A tattooed arm intended to recall the Nazi era. (Photo courtesy Mari Kornhauser.

In Kornhauser’s 2040 scenario, the interaction between the two actors takes place at a point of entry on the border between the nations of Texas and Louisiana.

Kornhauser cites the similarities between the World War II detention camps in which American citizens of Japanese descent were imprisoned and the containment facilities of today in which thousands of Hispanic asylum seekers are currently being held. One of the visual images she is using to promote the play shows a bare arm with numbers handwritten on it, similar to the tattooing that was done with Jews and Romani in WW II-era concentration camps.

The photo, Kornhauser said, “is a direct reference to what’s going on . . . not at this moment to direct extermination . . . but all the dog whistles and everything else we’re seeing today are exactly what happened in pre-World War II. America actually had internment camps, so they’re easily going in that direction with some of the incidents that happened at the border before and after I wrote this play.”

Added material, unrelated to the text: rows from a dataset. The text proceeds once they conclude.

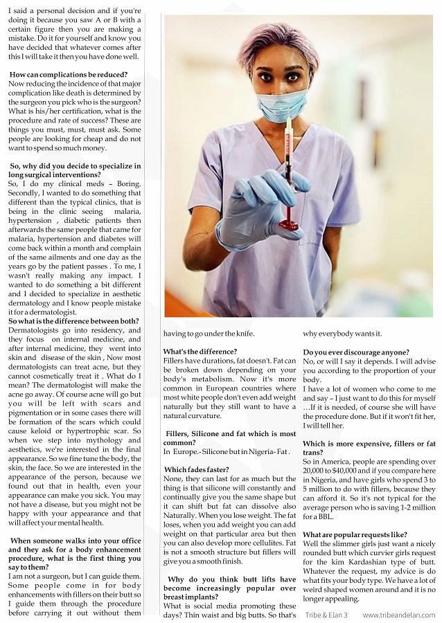 A- If you talk about the body, like things like surgical or non-surgical things. So for the surgical part., I always tell people, it doesn’t matter the surgery you do, be it cosmetic, be it gynecological , be it medical, whatever surgical procedure that is going to be done, the end result of complications most times is – Death . So when people say oh, I went for a cosmetic procedure and the person dies, they are only looking at the cosmetic part, they’re not realizing it’s a cosmetic surgery and therefore, as a surgery, the major complication of that surgery is death. But you cant say – Oh, she was sick. No, Rather you will hear – She didn’t like the way her body was and therefore she went to do something about it and in the process she died. That’s just the thing about it. It’s like I said a personal decision and if you’re doing it because you saw A or B with a certain figure then you are making a mistake. Do it for yourself and know you have decided that whatever comes after this I will take it then you have done well.
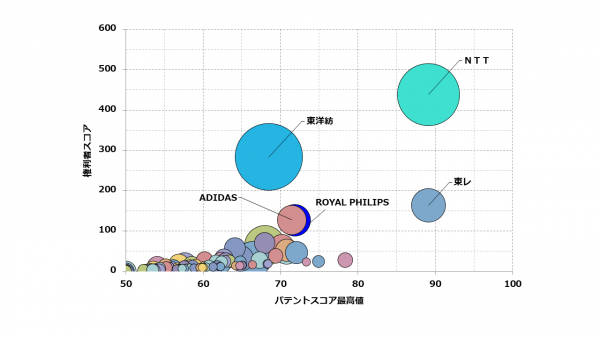 近年ウェアラブル端末が多様化している中、着るだけで心拍データなどの生体情報を計測可能な衣服にも注目が集まっています。今調査では日本の特許庁で公開されている「生体情報計測ウェア関連技術」全般について、個別特許の注目度を得点化する「パテントスコア」をベースに、特許の質と量から総合的に見た評価を行いました。
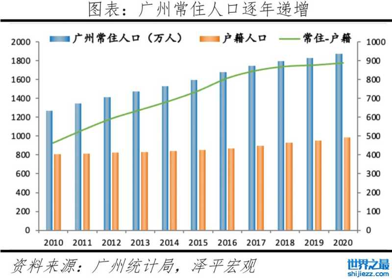 2021年广州GDP约2.8万亿,全国第四;人均GDP约13.4万元,十大城市中排名第7。人口方面,广州近十年常住人口年均增量近60万,全国第二,仅低于深圳;教育方面,广州有广东省超50%的高校,在校大学生总数超130万人,数量居全国第一。
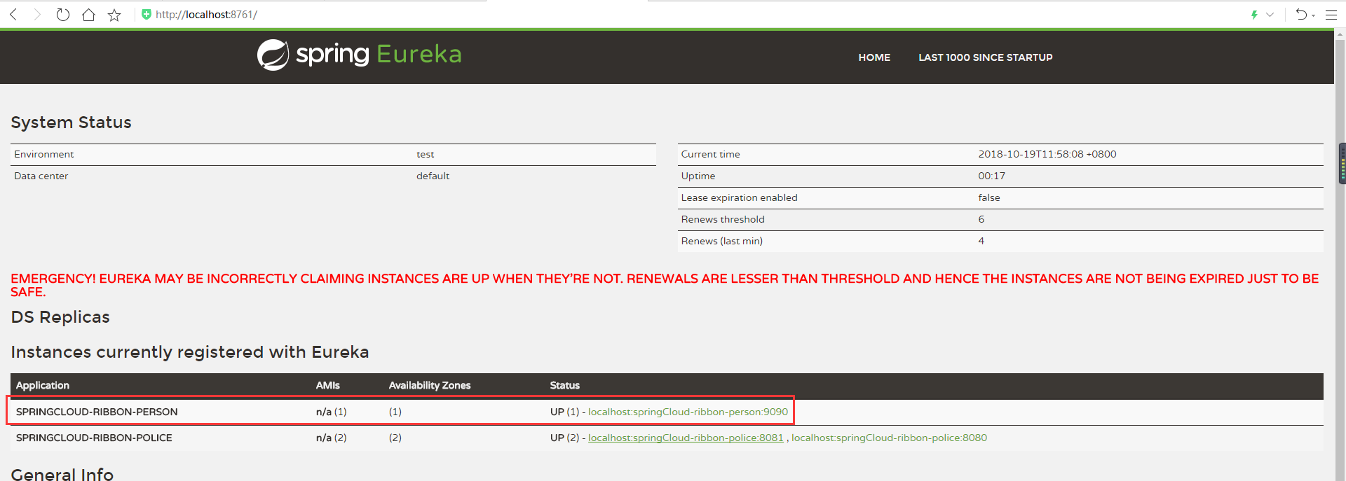 如下图,出现了两个服务实例,分别是:8080、8081,红色的信息咱们先不管他,如果实在有看着不顺眼的小伙伴,可以配置心跳(简单的来说,就是配置服务器每隔多久检查一次服务实例状态,如果某个服务因为某些原因停掉 不能用了,那么就将该服务 从服务列表中移除掉)
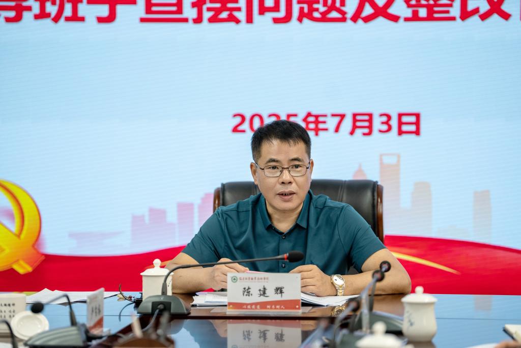 陈建辉通报了学院领导班子查摆问题及整改情况。他表示,学习教育整治整改工作开展以来,学院各部门和学习教育专班领导小组聚焦整改任务,加强组织领导,积极沟通协调,推进工作落实,取得了阶段性成效,但仍需持续发力,久久为功。
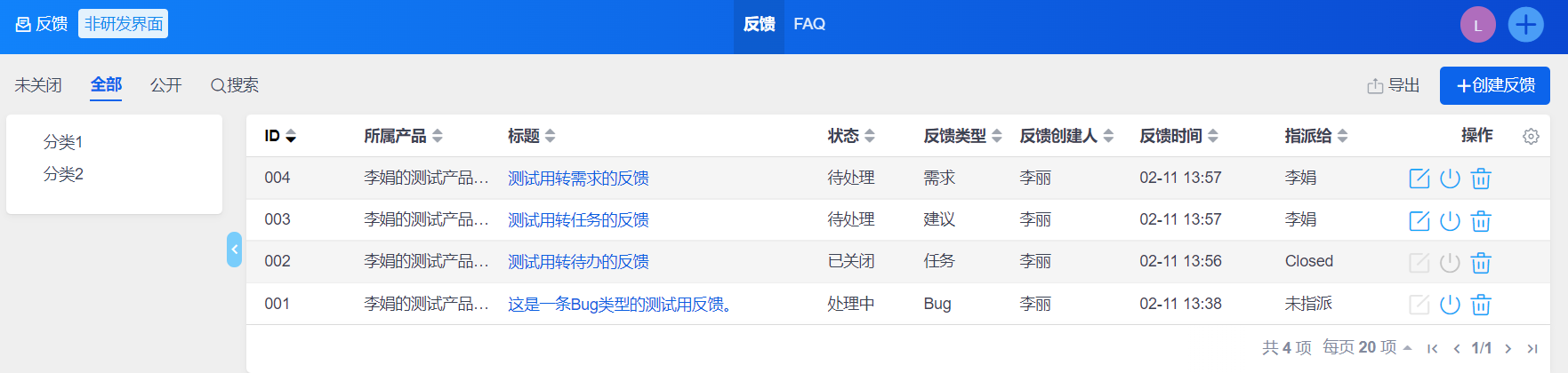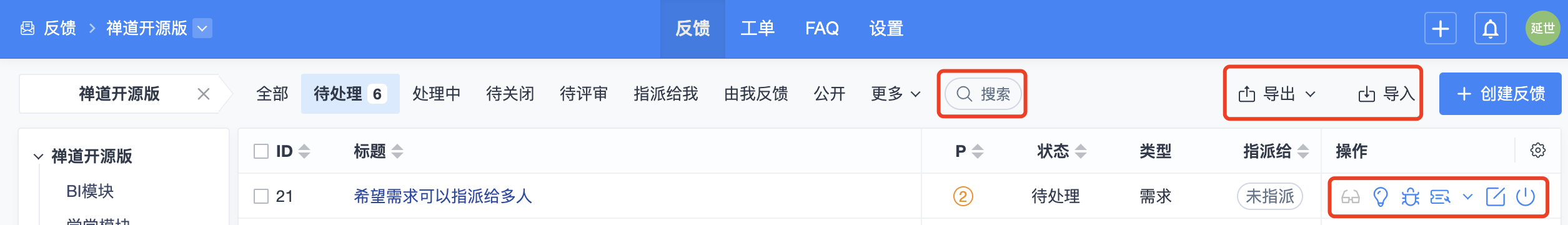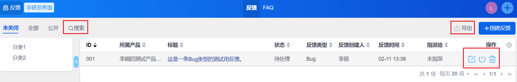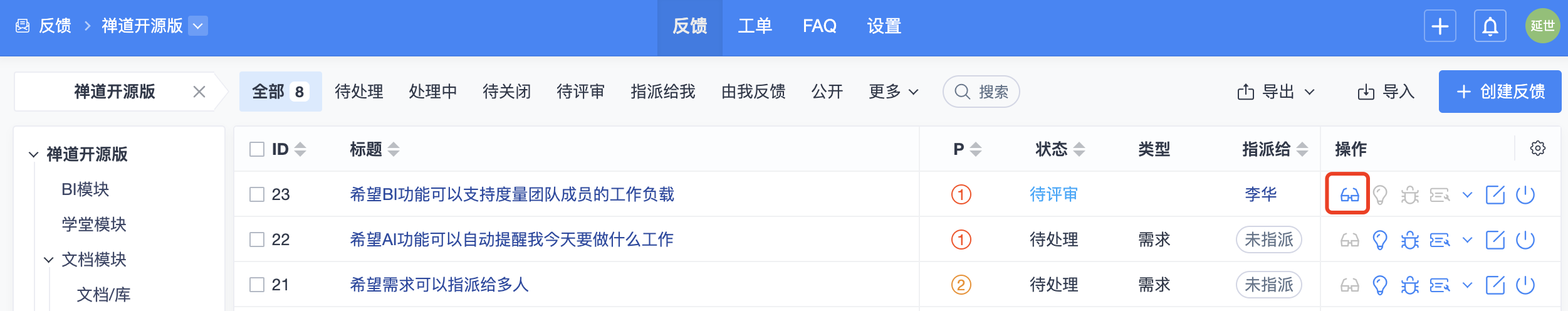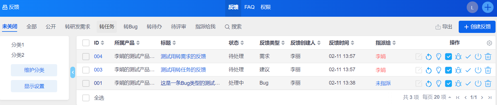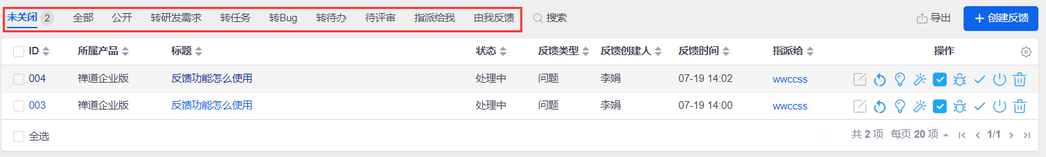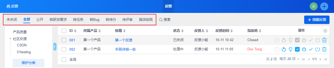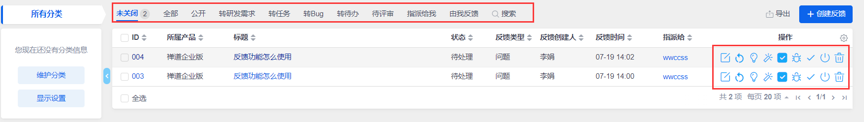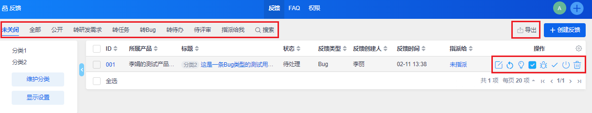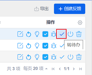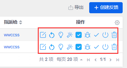 可以通过反馈列表的右侧操作栏的操作按钮对反馈执行相关操作。
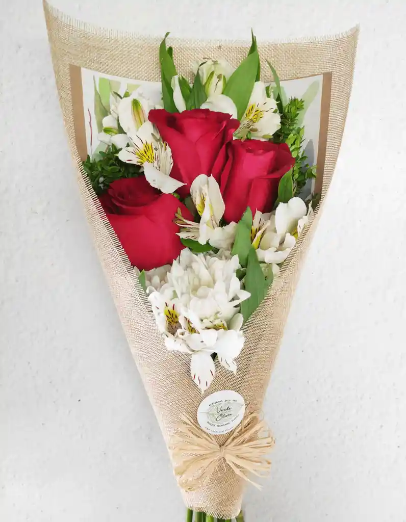 Hermoso y delicado cono de rosas rojas importadas más alstromelias. de color Rojo ideal para sorprender con amor ❤️

Returning to the subject of global warming, Kornhauser said, “As climate change starts to affect our country, we’re going to start seeing resource wars.” The damaging effects of climate change are already beginning to show up here in Louisiana, Kornhauser added, citing how coastal erosion has negatively impacted riparian communities and their way of life.

“We’re losing coastlines and communities are being lost,” she said. “So once the water (supply) becomes polluted by seawater or brackish water or if corporations start buying up our aquifers, then only certain people are going to be able to get the good water,” she added, hinting that such developments could lead to civil unrest.

Immigration photo. (Courtesy of Mari Kornhauser)

However, despite dealing with hot-button issues that fuel debates among today’s lawmakers and special interest groups, Kornhauser insists, “I’m not a political person by nature or in my art and I don’t consider this a political piece. I think it’s more of a think piece to stir people out of complacency into empathy and a call to action. I felt like I needed to say something because what’s happening is wrong. It’s just wrong. I don’t have any solutions; I just know that basically putting people in internment camps is inhumane in the ways they’re doing it.”

Kornhauser envisions “Seeking Asylum” as the first play in a trilogy with similar themes stretching up to the year 2065. “This is the first in a series of plays about climate change and immigration and about the diaspora that’s going to be forming in our own country,” she explained. The two remaining plays will also likely be kept to single acts and small casts in order to keep production costs down, she added. She termed the full project as “a work in progress.”

The play, Kornhauser explained, is audience interactive, though she declined to elaborate on what that interaction would entail. “If I tell you it won’t be a surprise,” she said.

Doors open for all three shows at 7:30 p.m. and show times are 8:00 p.m. Admission is $12 in advance; $18 at the door, although Art Klub policies state that no one is turned away at the door for lack of funds. Tickets can be ordered at www.artklub.eventbrite.com. A question and answer session will immediately follow each performance.